"매 term frequency × inverse document frequency — 매 word's importance 의 corpus context 매 weight". Karen Spärck Jones (1972) 의 IDF formalization. 2026 매 dense retrieval (BGE, E5) 매 default 매도 매 baseline + hybrid (BM25 + dense) 의 second stage 매 still ubiquitous.
매 핵심
매 Formula
TF: term의 doc 매 count (raw / log-normalized / frequency).
IDF: log(N / df_t) — 매 N corpus size, df_t = doc 매 t의 contains 의 count.
TF-IDF: TF(t,d) × IDF(t).
L2 norm: 매 cosine 의 prepare.
매 Variants
Raw TF / log(1+TF) / sublinear.
IDF smoothing: log((1+N)/(1+df)) + 1.
BM25: 매 TF saturation + length normalization 의 add.
매 응용
Search baseline (sklearn + scikit-learn).
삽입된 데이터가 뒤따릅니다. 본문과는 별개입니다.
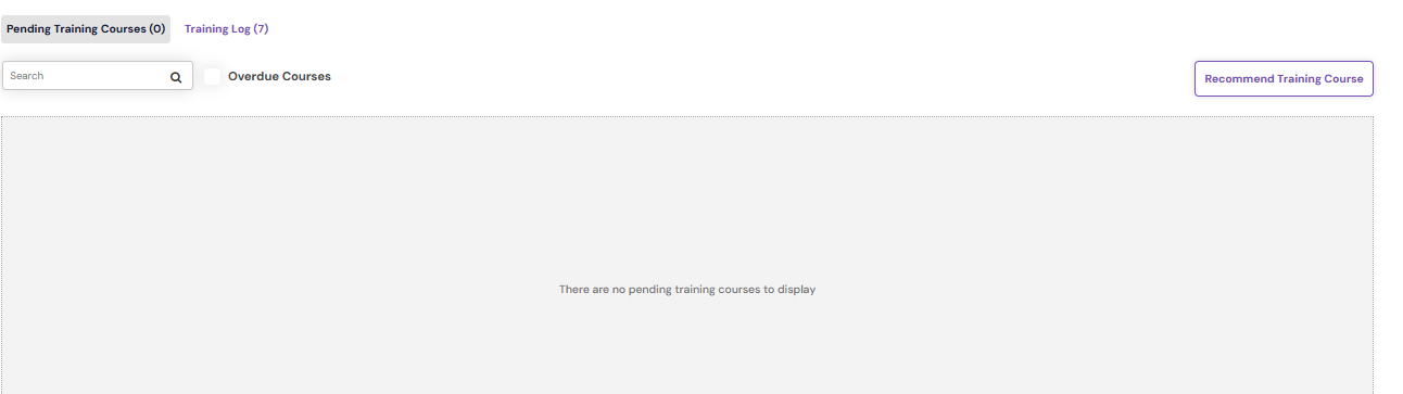 If there are no planned or pending training programs assigned to the employee, the section will display a message indicating that no training courses are available to attend.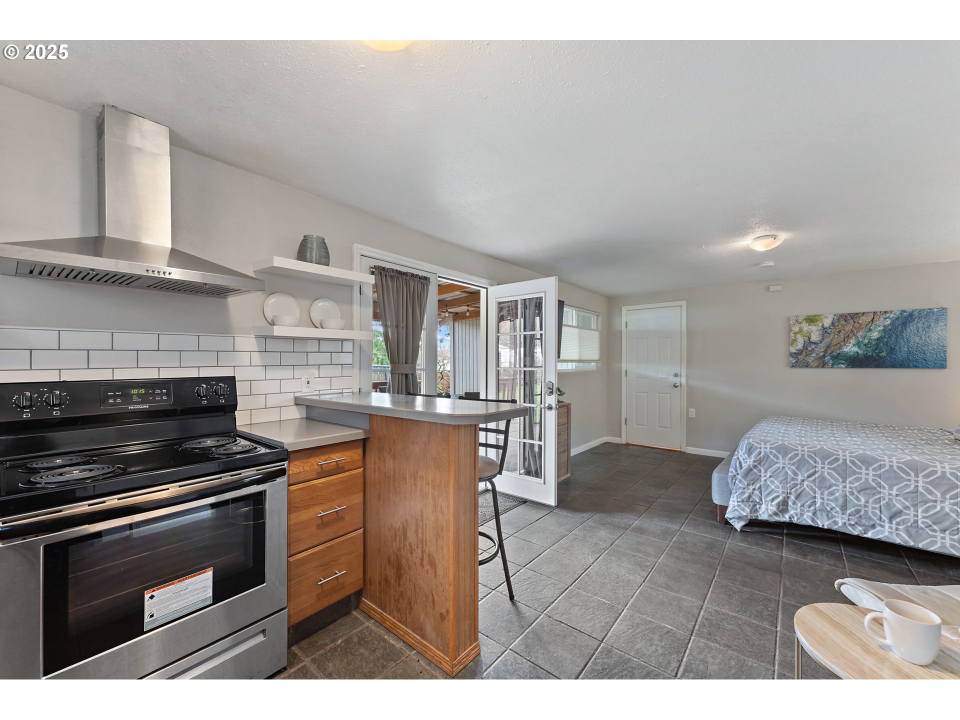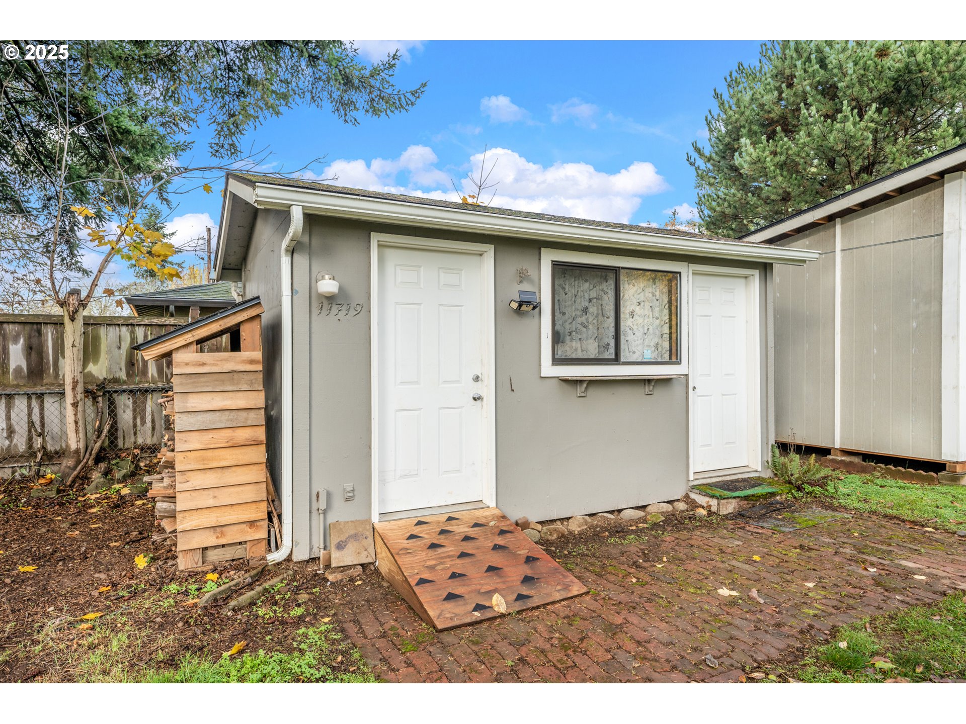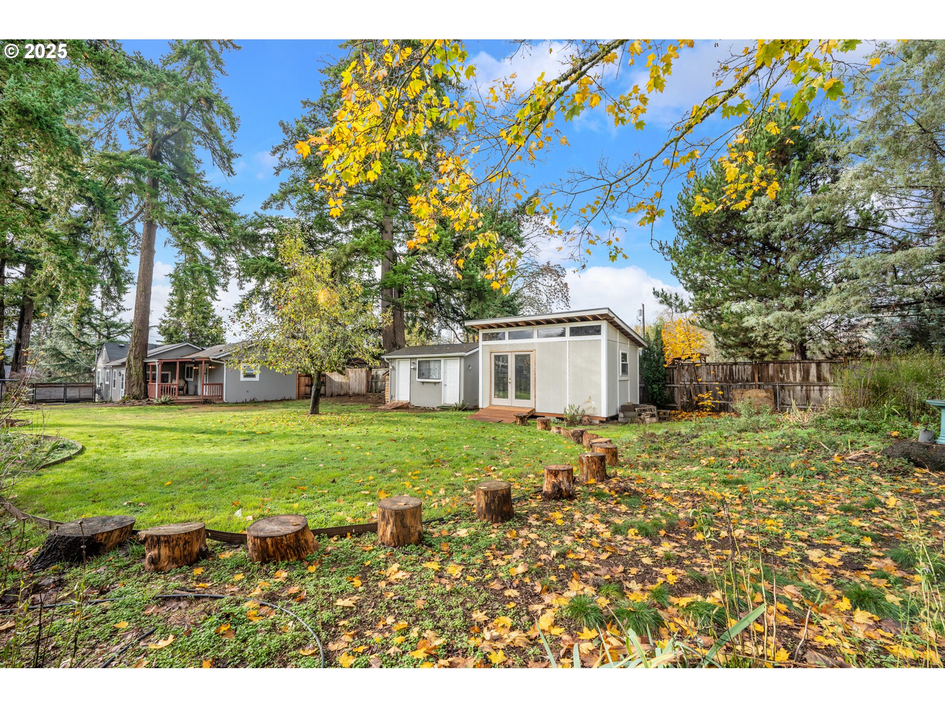 Versatile single-level home on an expansive SE Portland lot with development potential of an ADU, duplex, or other options (buyer to do due diligence). The main house features 2 bedrooms, a large bathroom, laundry room, and a spacious kitchen/dining area with stainless steel appliances, updated cabinets, subway tile backsplash, and butcher block counters. A studio-style ADU includes its own exterior entrance, full bathroom, and a generously sized kitchen with full range and hood, F/S refrigerator, and F/S microwave—ideal for guests, rental income, or multigenerational living. The substantial backyard includes a tool shed and a vaulted bonus outbuilding perfect for an art studio, workshop, gym, office, or storage. RV parking adds extra convenience. A rare opportunity with flexibility and room to grow.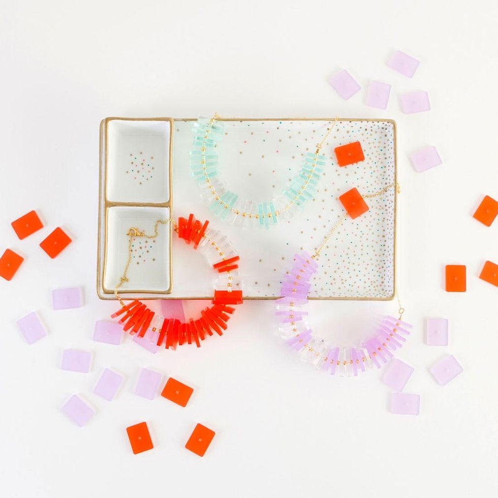 We’re loving these playful colors and textures. It’s like a party garland you can wear around your neck… without looking like you had one too many mimosas at brunch…!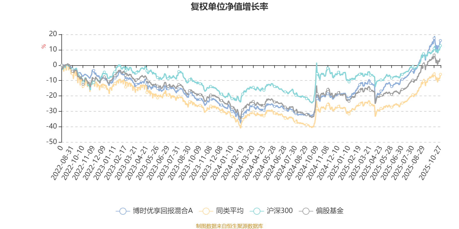 截至10月27日,博时优享回报混合A近三个月复权单位净值增长率为20.32%,位于同类可比基金210/621;近半年复权单位净值增长率为39.19%,位于同类可比基金167/619;近一年复权单位净值增长率为44.80%,位于同类可比基金142/611;近三年复权单位净值增长率为24.49%,位于同类可比基金198/518。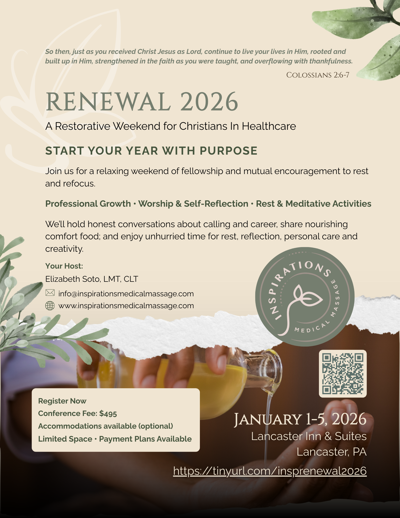 This is a faith-based weekend for massage therapists and healthcare workers who want to begin the year with intention, faith, and community. Let's rest, refocus, and encourage one another as we start the year together.

Hybrid retrieval — 매 BM25 + dense embedding의 reciprocal-rank fuse.
Feature extraction 매 classical ML (logistic regression, SVM).
Keyword extraction (top-k tfidf).
💻 패턴
sklearn TF-IDF
fromsklearn.feature_extraction.textimportTfidfVectorizercorpus=["the cat sat on the mat","the dog ate the bone","cats and dogs are pets",]vec=TfidfVectorizer(stop_words="english",sublinear_tf=True,ngram_range=(1,2))X=vec.fit_transform(corpus)# sparse (n_docs, n_features)print(vec.get_feature_names_out())
언제: 매 small corpus 매 lookup, 매 RAG 의 sparse channel, 매 explainability ("matched on 'mat', 'cat'").
언제 X: 매 paraphrase / multilingual 매 weak — 매 dense 의 prefer.
❌ 안티패턴
TF-IDF 만으로 production search: 매 paraphrase miss.
No stopword / lowercasing: 매 noisy features.
Same vectorizer not pickled: 매 train/serve mismatch.
No length normalization: 매 long docs 의 unfair advantage (use BM25 또는 normalize).
🧪 검증 / 중복
Verified (Spärck Jones 1972; Manning IR Book Ch.6; sklearn TfidfVectorizer 2026).